The Lord Jesus Christ had a deep love and care for little children. When they came to Him, He took each of them up in His arms and blessed them. One can only imagine how some of us, dressed in our Sunday best, would have fared. Had we seen the children coming in our direction, we might have been hoping fervently that the little child with the sticky fingers and runny nose might pass us by and run to someone else’s open arms!
The disciples too had their own mindset; they would have chased the children away. Their hearts were out of tune with the heart of their Master. They regarded the children as something of a nuisance or distraction and not that important. Perhaps they thought that giving time to little ones was beneath them; the children’s work could be conveniently left to the next batch of young novice recruits. Such attitudes still prevail.
The Lord Jesus did not spare His disciples. He was sorely displeased and immediately corrected their glaring error, saying to them, “Suffer the little children to come unto Me, and forbid them not; for of such is the kingdom of God … Whosoever shall not receive the kingdom of God as a little child, he shall not enter therein” (Mk 10:14-16). The Savior recognized the importance of the children, not only for their own sake, but also for what they represented; a simple, unquestioning faith. That was the kind of faith He valued most in His kingdom.
In our own experience of serving the Lord in Botswana, we have seen the importance of children’s work. It is not that we regard ourselves as specialists in this age group – the gospel is for everyone and no one should be neglected – but the interest that young children have shown and continue to show in coming to hear the Word of God has developed into a large and fruitful work.

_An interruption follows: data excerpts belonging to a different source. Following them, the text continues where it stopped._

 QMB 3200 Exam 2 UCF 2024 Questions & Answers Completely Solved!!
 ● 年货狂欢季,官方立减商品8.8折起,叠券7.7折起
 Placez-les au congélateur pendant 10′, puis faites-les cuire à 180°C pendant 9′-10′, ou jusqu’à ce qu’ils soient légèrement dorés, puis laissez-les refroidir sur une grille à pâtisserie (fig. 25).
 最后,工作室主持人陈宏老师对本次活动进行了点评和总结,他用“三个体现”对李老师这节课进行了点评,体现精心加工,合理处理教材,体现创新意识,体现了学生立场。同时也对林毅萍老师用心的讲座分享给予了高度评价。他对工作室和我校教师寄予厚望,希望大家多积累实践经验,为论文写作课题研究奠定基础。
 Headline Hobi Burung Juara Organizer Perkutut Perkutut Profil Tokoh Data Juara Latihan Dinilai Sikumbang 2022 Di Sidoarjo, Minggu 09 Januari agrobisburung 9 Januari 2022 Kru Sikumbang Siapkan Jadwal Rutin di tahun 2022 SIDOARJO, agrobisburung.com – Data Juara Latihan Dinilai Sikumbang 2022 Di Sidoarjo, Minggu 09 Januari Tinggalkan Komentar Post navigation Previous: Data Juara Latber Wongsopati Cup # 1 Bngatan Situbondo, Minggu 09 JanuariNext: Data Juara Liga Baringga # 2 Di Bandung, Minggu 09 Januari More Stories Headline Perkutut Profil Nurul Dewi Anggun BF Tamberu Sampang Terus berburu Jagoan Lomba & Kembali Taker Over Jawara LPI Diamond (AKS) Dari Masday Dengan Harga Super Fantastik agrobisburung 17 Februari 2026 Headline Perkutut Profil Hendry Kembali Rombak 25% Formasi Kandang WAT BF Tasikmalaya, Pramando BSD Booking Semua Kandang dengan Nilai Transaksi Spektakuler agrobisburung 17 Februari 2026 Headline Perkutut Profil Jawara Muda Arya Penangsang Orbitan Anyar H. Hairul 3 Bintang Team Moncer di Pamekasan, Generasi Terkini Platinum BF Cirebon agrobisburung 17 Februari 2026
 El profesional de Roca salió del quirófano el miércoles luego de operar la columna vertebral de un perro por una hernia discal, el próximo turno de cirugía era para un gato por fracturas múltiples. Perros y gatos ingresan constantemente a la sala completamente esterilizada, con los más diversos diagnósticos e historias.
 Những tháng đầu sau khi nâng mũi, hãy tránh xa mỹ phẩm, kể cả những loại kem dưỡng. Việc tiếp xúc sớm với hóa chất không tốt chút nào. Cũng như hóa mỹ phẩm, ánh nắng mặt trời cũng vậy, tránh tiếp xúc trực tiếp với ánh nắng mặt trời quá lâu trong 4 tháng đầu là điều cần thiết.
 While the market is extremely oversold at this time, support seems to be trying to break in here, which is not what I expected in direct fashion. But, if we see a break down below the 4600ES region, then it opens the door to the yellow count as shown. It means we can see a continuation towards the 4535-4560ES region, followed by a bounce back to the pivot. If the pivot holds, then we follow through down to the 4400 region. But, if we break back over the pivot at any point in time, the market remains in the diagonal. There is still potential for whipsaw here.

After moving to Gaborone in 1984, we sought to carry out the good advice we had been given: “Start as you mean to go on.” In the first week after our arrival we visited all the neighbors in the street and invited them to a gospel meeting in our home. That particular evening we waited and waited, but not one person came. By contrast, when we invited the local children to a Sunday school in our garden, on the first day we found 30 boys and girls waiting excitedly at the gate, long before the time. Soon we had 150 children coming regularly.
We did persevere with the adult gospel meeting and after two years of seeing no fruit the Lord began to bless in salvation amongst the older friends. It has been our joy every year since, to see both young and old trusting the Savior. The assembly continues to conduct other activities; children’s work is only one aspect of our service, but an important one.
The value of children’s work
A number of factors combine to make children’s work in Botswana a vital area of service. Over half of the population is under 20 years of age. We enjoy a high literacy rate among the young. While it is common to see an elderly person sign their pension book in the post office by making a thumbprint, most children can read and write and love to receive any form of gospel literature. A number of tracts and gospel booklets have been produced especially for young ones.
A large percentage of the young adult population is HIV positive. The government is frank about the situation here and although it now offers treatment for those affected, the reality is that many still are dying. We always rejoice when an adult is saved but there is the lingering question at the back of one’s mind: how many years might they have left to live for Christ? On the other hand, a boy or girl trusting Christ could be likened to a new candle that, God willing, can burn over a whole lifetime for His glory. Not only is a soul saved but also a life is saved. By His grace that life will be preserved from the effects of sin.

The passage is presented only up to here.